APPLICATION OF CYCLIC ION MOBILITY MASS SPECTROMETRY FOR HIGH PEAK CAPACITY SEPARATIONS OF NATIVE AND DEUTERATED PEPTIDE MIXTURES

Importance of the Topic

Integrating cyclic ion mobility with mass spectrometry addresses the need for high peak capacity separation in proteomics and structural studies. Rapid separations minimize sample consumption and reduce analysis times while preserving structural information in native and deuterated peptides.
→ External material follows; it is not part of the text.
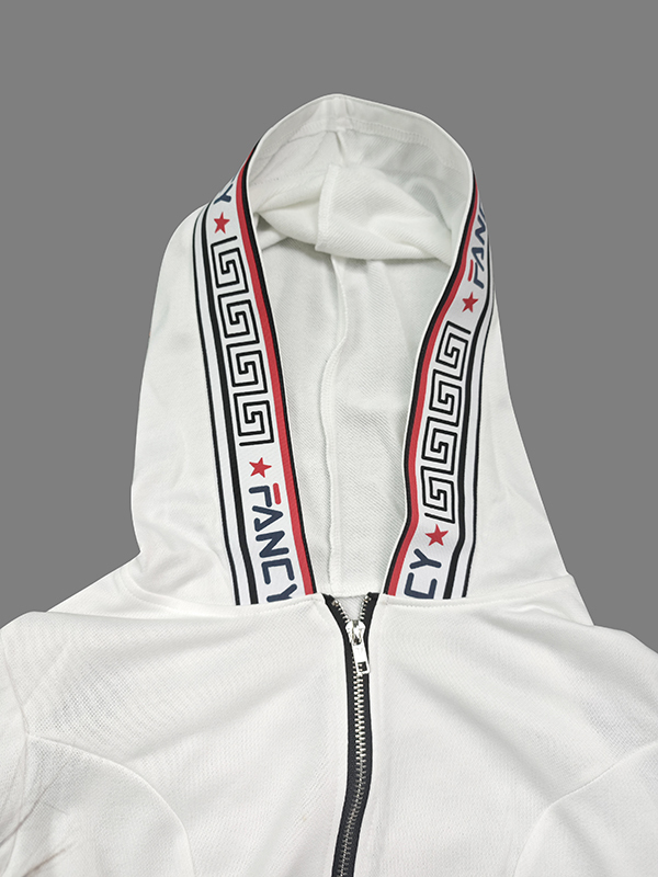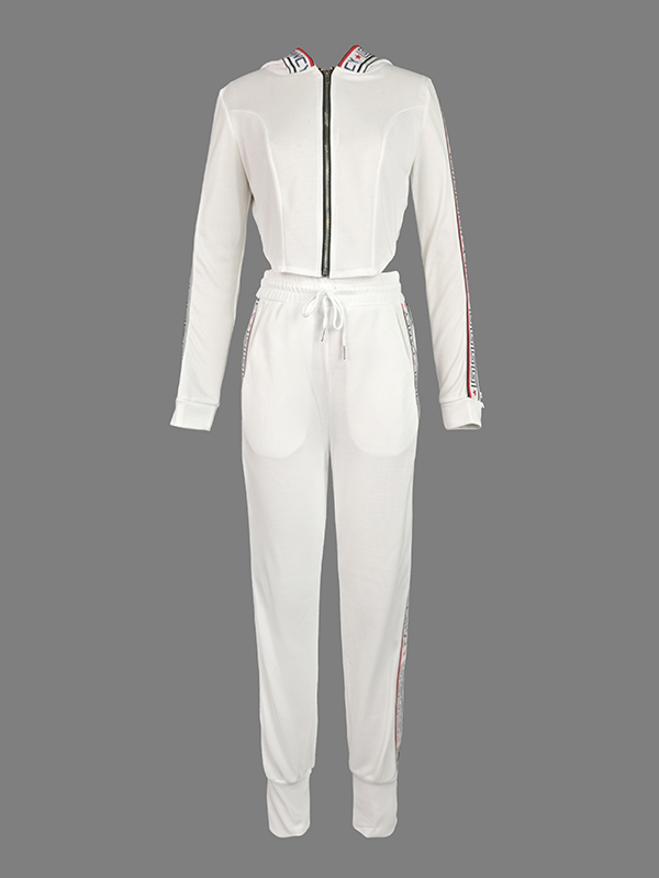 Long Sleeves Letter Print Split-Side Zipper Hooded Jackets+Pants Two Pieces Set

Objectives and Study Overview

This study evaluated the performance of a SELECT SERIES cyclic ion mobility device coupled to a quadrupole time-of-flight mass spectrometer for rapid separation of enolase digest, model peptide P1 and myoglobin. Key aims were to compare infusion and fast liquid chromatography modes, explore multi-pass mobility resolution and assess deuterium retention under gas-phase conditions.

Methodology and Instrumentation

An enolase tryptic digest, a fully deuterated backbone model peptide and myoglobin were analyzed using rapid UPLC on a BEH C18 column and direct infusion. The cyclic IMS device provided 1 to 10 passes around a 98 cm path with nitrogen as mobility gas and helium at the entrance. Data were acquired with MassLynx and processed in DriftScope.

Main Results and Discussion

The cyclic IMS consistently achieved higher ion mobility resolution and peak capacity, fully disentangling overlapping isotope clusters in a congested m/z region. Infusion-only experiments detected comparable peptide coverage to rapid LC-MS. Controlled experiments on model peptide P1 revealed that backbone amide deuteriums remained stable across multiple passes while labile sidechain deuteriums exchanged. Multi-pass separation uncovered additional conformational families of myoglobin ions correlating with distinct deuterium uptake.

Benefits and Practical Applications

• Accelerated proteomic and HDX-MS workflows with minimal chromatography
• Enhanced resolution of complex mixtures under rapid analysis
• Structural insights from gas-phase conformations and deuterium labeling

Future Trends and Opportunities

Advances may include coupling cyclic IMS with advanced fragmentation techniques, automated multi-dimensional separations and expanded gas-phase chemistries to further probe protein dynamics. Integration into high throughput workflows will broaden applications in structural proteomics and QC analyses.

Conclusion

Cyclic IMS in single and multi-pass modes offers a powerful tool for rapid high peak capacity separations while preserving critical deuterium labeling. This approach enhances structural analysis of native and labeled peptides and proteins in accelerated proteomic workflows.